Каждый из них сохранил свою повадку. Костлявый садовник сокрушенно вздохнул. Капитан Шульцки возмущенно воскликнул: «Вот видите!» Газовщик Мюллер сказал: это все равно как если бы кто-то отменил карнавал; майор Лунденбройх нашел мое поведение некорректным; генерал-майор заговорил о необходимой субординации в содружестве поневоле; генерал Эйзенштек готов был допустить особый режим только для смертников, а гауптштурмфюрер мрачно заявил, что, по его мнению, пора уже наконец заголить мне задницу.

— Так точно, гауптштурмфюрер, — сказал я, — пролетарскую задницу.

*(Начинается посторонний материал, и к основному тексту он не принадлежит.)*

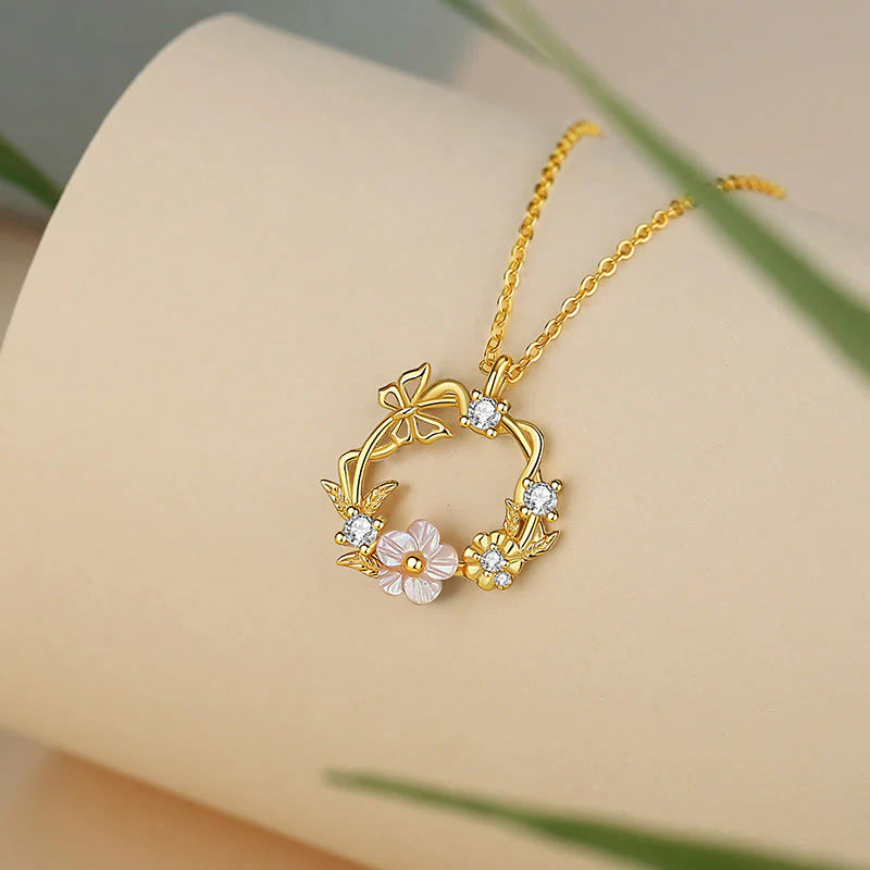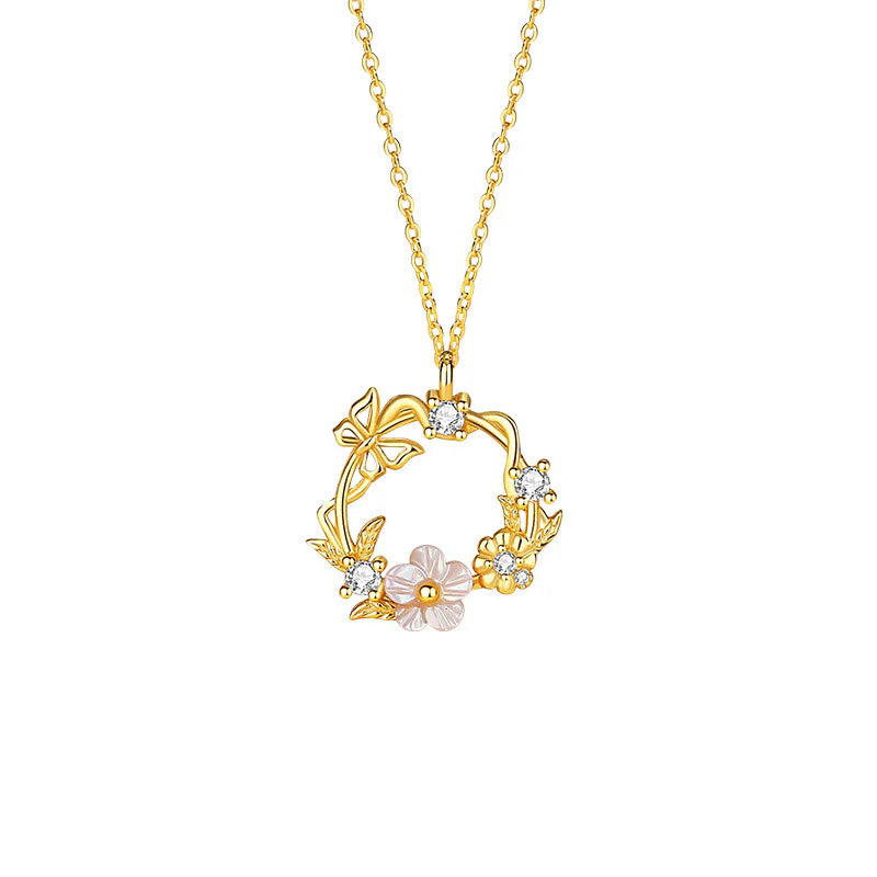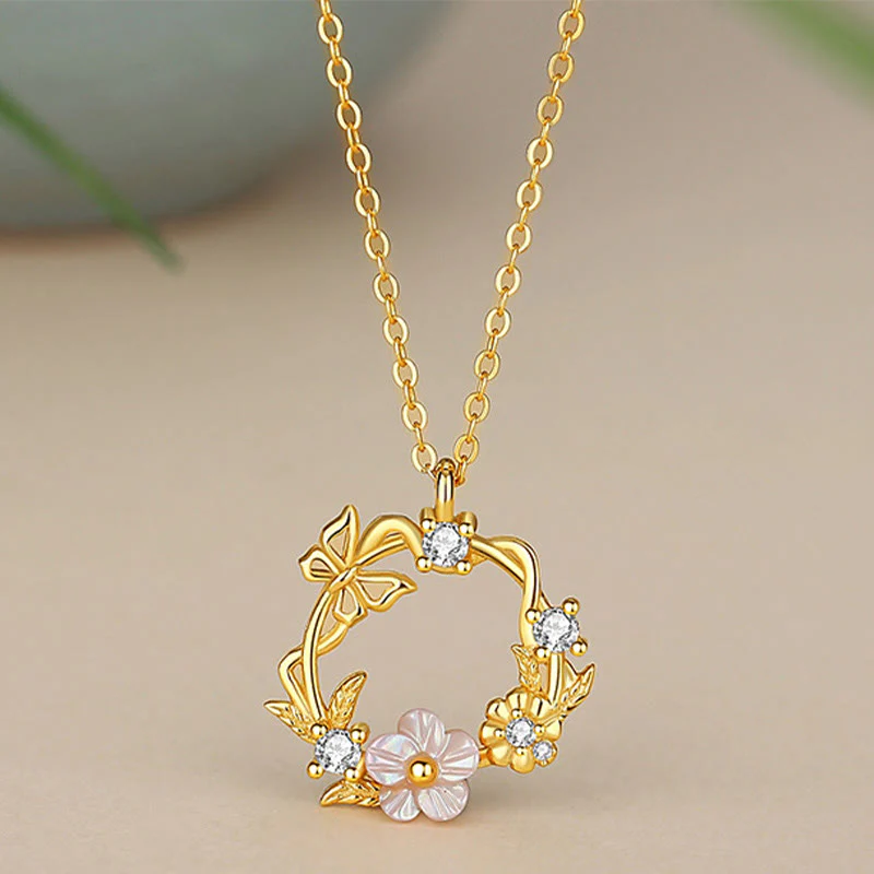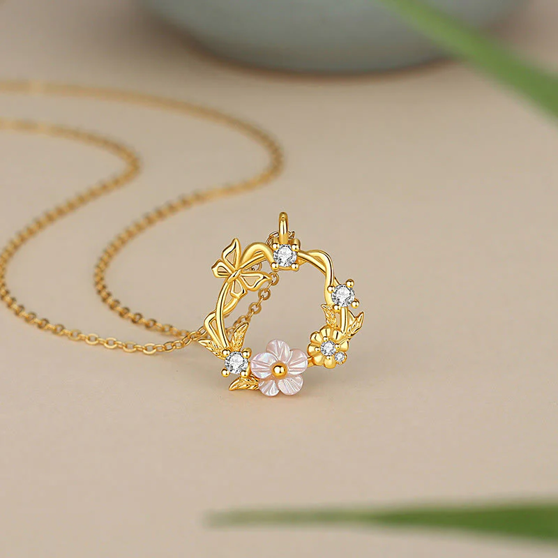 Sterling Silver Butterfly Shell Pendant Necklace showcases a round pendant made of 925 sterling silver, cubic zirconia, and shell components. The pendant stands for harmony and equilibrium, with the delicate butterfly and flower design signifying blessings and new beginnings. This necklace serves as a reminder of change and beauty, merging elegance with meaningful symbolism for spiritual wellness and good luck.
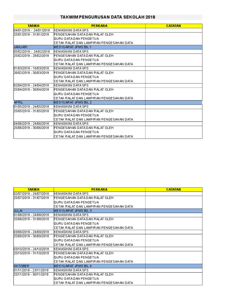 Takwim Pengurusan Data Sekolah
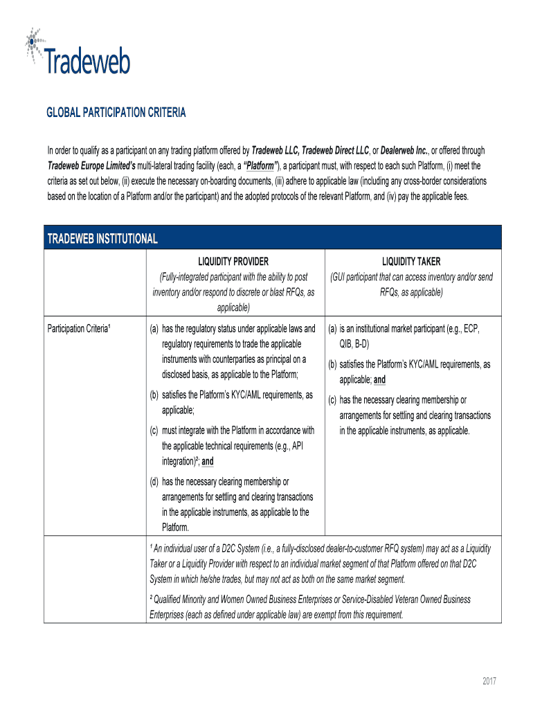 In order to qualify as a participant on any trading platform offered by Trade web LLC, Trade web Direct LLC, or Dealer web Inc., or offered through
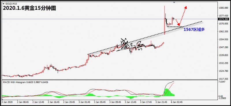 黄金周一(1月6日)直接跳空高空高走,开盘于1561,最高上涨至1588.54美元/盎司,创近七年来的新高,现报价1575.1附近,涨幅1.53%;主因中东局势愈演愈烈,避险情绪继续放大,支撑黄金的强势走高。1月4日有火箭弹…

Тогда гауптштурмфюрер крикнул:

— Беверен!

Костлявый тюльпанщик, вздохнув, ударил меня с такой силой, что я удивился, как у меня уцелела голова на плечах.

— Приказ выполнен! — крикнул мой друг Ян гауптштурмфюреру, мне же он сокрушенно сказал:

— Приказ!

Когда он увидел, что за меня собираются взяться капитан Шульцки и гестаповец, то стал передо мной, заложив за спиной свои огромные садовничьи руки.

А я уже вообще ничего не соображал и орал:

— Тюльпанская задница, гестаповская задница, капитанская задница!

И я было взял на изготовку свою гипсовую кувалду, как вдруг раздался крик по польски:

— Baczność! — Внимание!

В камере сразу все стихло, стих и мой боязливый гнев.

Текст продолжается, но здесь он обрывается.